How does two-and-a-half days full of genealogy education in a setting packed with history, great music, and world-famous BBQ sound? Join me next month at the 2015 Family History Conference in Austin, Texas!
The Texas State Genealogical Society is hosting its annual Family History Conference from October 30th through November 1st at the Crowne Plaza Austin, just a ten minute drive from the Texas State Library and Archives.
The schedule is packed with tracks focusing on: introductory topics, libraries and archives, societies and communities, digital genealogy, adoption, DNA, Hispanic research, methodology, record sets, historical context, African American research, courthouse records and record loss, and land and country.

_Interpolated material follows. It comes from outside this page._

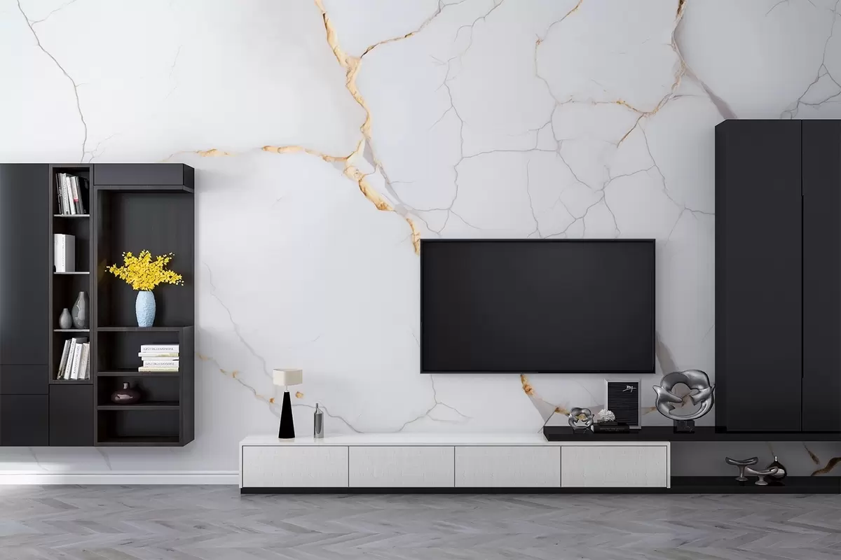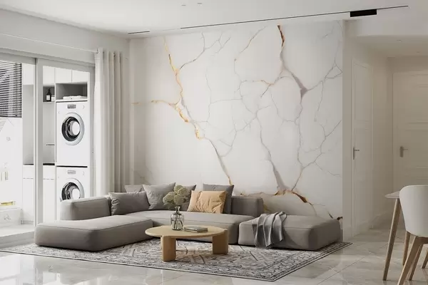 Valokuvatapetti Marmorin jäljitelmä, jossa on hienoja halkeamia ja keltaisia suonia Nr w09390

Saturday and Sunday mornings feature keynote talks by J. Mark Lowe and Lisa Louise Cooke. Daily optional add-on workshops provide more in-depth teaching by Lowe and Cooke, as well as two workshops on intermediate and advanced DNA.
Friday afternoon’s program will be of particular interest to my fellow library professionals.
Registration is available online.
My Teaching Sessions
If you are attending, I would love to see you at one or both of my sessions!
Portals to the Past: Helping Patrons Find & Use Southwest Archival Collections
- Track: Libraries and Repositories
- Date: Friday, October 30, 2015
- Time: 1:45pm – 2:45pm
Target Audience: Library professionals, genealogists, scholars, and graduate students
Help your patrons take their genealogy to the next level by assisting them with archival research. Texas and the southwest region are rich in original records pertaining to the Spanish, Mexican, Republic, territorial, and statehood eras. Learn about key finding aid portals to locate specific repositories and collections to visit in-person, as well as key portals to consortia-shared digitized collections that can be accessed online for free.
Not an archivist or special collections librarian? No problem. We will briefly cover key archival terminology before a walk-through of how to search, browse, and analyze these finding aids and digitized collections. Already working with or have expertise in archives and special collections? Learn about valuable tools for helping library staff and patrons understand archival research, plan a visit to a repository, and cite archival materials. We will also discuss how your library can contribute its finding aids and digitized collections to these types of collaborative portals, and take a look at coordinating or participating in an archival crawl as a community outreach and marketing activity.
An Introduction to Researching Your Mexican Ancestors
- Track: Hispanic Research
- Date: Saturday, October 31, 2015
- Time: 1:00pm – 2:00pm
Target Audience: Genealogists who are new (beginner to low intermediate level) to researching Mexican ancestry, and library professionals who serve patrons in Hispanic communities
The long history of formalized record keeping in New Spain and Mexico provides a wealth of information for researching those ancestors. But these records cannot be of help unless one knows the right place to start looking. This introductory lecture will cover key U.S. and Mexico records for identifying your Mexican immigrant origins and ancestors, explain how Mexican naming conventions can play a role in finding those records, and will highlight the types of genealogical information that can be gleaned from those records.
Colleen (Robledo) Greene’s father was raised by his Mexican immigrant grandmother. When Colleen started researching this part of the family history 16 years ago, there were no living family members who knew from where the family originated, or how or when the family immigrated. Living family only knew the name of one great-grandparent. Colleen—who does not speak or read Spanish—hit one brick wall after another. This year, however, those brick walls have come crashing down. Colleen will explain and demonstrate the sources and techniques that have brought her success.